**TASK DIRECTIONS**
Copy every record exactly, and keep the pictures out.

======

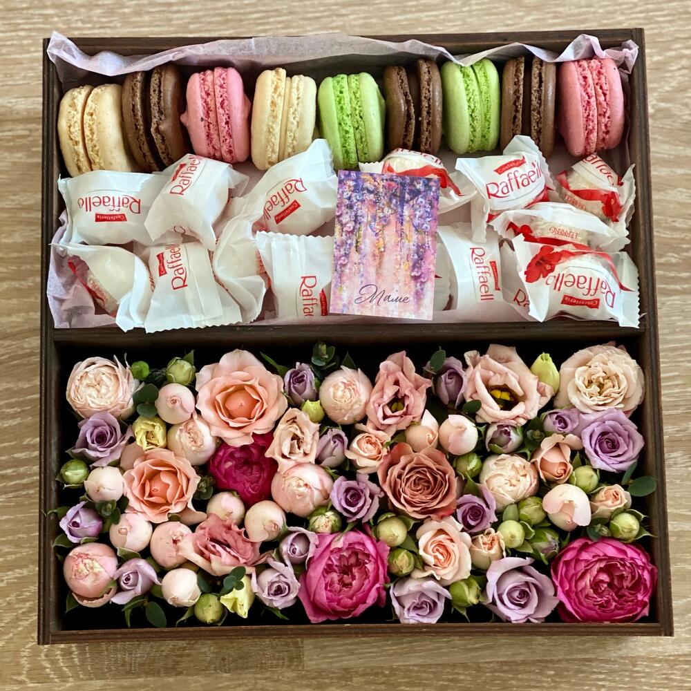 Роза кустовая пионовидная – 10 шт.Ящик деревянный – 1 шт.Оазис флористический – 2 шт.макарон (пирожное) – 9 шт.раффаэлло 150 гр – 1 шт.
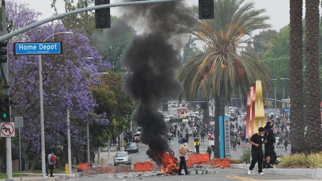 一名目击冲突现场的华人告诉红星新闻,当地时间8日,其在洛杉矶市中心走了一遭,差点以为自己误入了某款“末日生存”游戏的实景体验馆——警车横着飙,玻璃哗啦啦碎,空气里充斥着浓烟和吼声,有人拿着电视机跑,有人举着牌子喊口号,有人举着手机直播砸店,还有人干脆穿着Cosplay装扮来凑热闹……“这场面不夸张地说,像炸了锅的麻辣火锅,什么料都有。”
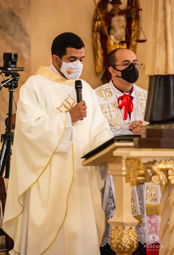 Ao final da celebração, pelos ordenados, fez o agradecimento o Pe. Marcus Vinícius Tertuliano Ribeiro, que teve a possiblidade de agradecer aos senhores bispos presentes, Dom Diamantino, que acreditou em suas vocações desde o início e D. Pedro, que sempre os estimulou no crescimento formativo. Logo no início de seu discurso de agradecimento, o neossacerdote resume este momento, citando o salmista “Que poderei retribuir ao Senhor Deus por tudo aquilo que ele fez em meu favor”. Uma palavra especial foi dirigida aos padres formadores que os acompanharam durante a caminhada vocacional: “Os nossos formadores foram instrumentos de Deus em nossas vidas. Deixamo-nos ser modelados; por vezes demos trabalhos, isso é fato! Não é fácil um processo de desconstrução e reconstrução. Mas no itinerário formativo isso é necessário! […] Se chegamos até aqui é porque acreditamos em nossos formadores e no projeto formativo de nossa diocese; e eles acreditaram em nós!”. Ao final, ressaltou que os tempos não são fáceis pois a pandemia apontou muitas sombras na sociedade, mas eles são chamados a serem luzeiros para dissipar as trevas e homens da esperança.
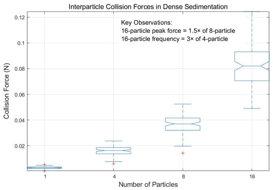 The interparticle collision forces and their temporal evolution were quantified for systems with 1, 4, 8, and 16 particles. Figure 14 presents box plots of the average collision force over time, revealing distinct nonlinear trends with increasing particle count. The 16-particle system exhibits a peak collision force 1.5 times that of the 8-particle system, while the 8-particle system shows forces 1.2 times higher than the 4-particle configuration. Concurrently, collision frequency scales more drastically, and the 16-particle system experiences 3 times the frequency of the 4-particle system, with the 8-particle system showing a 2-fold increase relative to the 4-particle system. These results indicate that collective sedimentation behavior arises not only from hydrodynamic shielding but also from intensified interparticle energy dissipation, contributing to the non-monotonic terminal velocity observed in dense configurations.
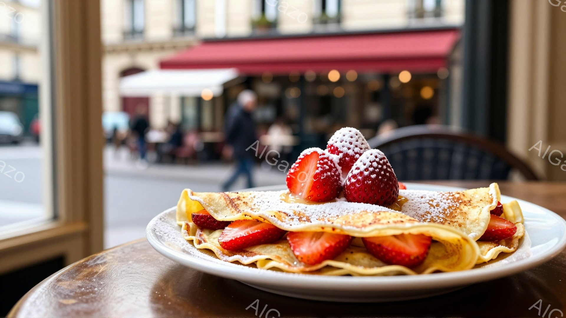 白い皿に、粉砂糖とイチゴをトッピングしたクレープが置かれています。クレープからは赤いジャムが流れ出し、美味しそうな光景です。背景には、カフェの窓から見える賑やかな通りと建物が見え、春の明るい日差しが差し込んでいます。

======

**EXERCISE RESULT**
 Роза кустовая пионовидная – 10 шт.Ящик деревянный – 1 шт.Оазис флористический – 2 шт.макарон (пирожное) – 9 шт.раффаэлло 150 гр – 1 шт.
 一名目击冲突现场的华人告诉红星新闻,当地时间8日,其在洛杉矶市中心走了一遭,差点以为自己误入了某款“末日生存”游戏的实景体验馆——警车横着飙,玻璃哗啦啦碎,空气里充斥着浓烟和吼声,有人拿着电视机跑,有人举着牌子喊口号,有人举着手机直播砸店,还有人干脆穿着Cosplay装扮来凑热闹……“这场面不夸张地说,像炸了锅的麻辣火锅,什么料都有。”
 Ao final da celebração, pelos ordenados, fez o agradecimento o Pe. Marcus Vinícius Tertuliano Ribeiro, que teve a possiblidade de agradecer aos senhores bispos presentes, Dom Diamantino, que acreditou em suas vocações desde o início e D. Pedro, que sempre os estimulou no crescimento formativo. Logo no início de seu discurso de agradecimento, o neossacerdote resume este momento, citando o salmista “Que poderei retribuir ao Senhor Deus por tudo aquilo que ele fez em meu favor”. Uma palavra especial foi dirigida aos padres formadores que os acompanharam durante a caminhada vocacional: “Os nossos formadores foram instrumentos de Deus em nossas vidas. Deixamo-nos ser modelados; por vezes demos trabalhos, isso é fato! Não é fácil um processo de desconstrução e reconstrução. Mas no itinerário formativo isso é necessário! […] Se chegamos até aqui é porque acreditamos em nossos formadores e no projeto formativo de nossa diocese; e eles acreditaram em nós!”. Ao final, ressaltou que os tempos não são fáceis pois a pandemia apontou muitas sombras na sociedade, mas eles são chamados a serem luzeiros para dissipar as trevas e homens da esperança.
 The interparticle collision forces and their temporal evolution were quantified for systems with 1, 4, 8, and 16 particles. Figure 14 presents box plots of the average collision force over time, revealing distinct nonlinear trends with increasing particle count. The 16-particle system exhibits a peak collision force 1.5 times that of the 8-particle system, while the 8-particle system shows forces 1.2 times higher than the 4-particle configuration. Concurrently, collision frequency scales more drastically, and the 16-particle system experiences 3 times the frequency of the 4-particle system, with the 8-particle system showing a 2-fold increase relative to the 4-particle system. These results indicate that collective sedimentation behavior arises not only from hydrodynamic shielding but also from intensified interparticle energy dissipation, contributing to the non-monotonic terminal velocity observed in dense configurations.
 白い皿に、粉砂糖とイチゴをトッピングしたクレープが置かれています。クレープからは赤いジャムが流れ出し、美味しそうな光景です。背景には、カフェの窓から見える賑やかな通りと建物が見え、春の明るい日差しが差し込んでいます。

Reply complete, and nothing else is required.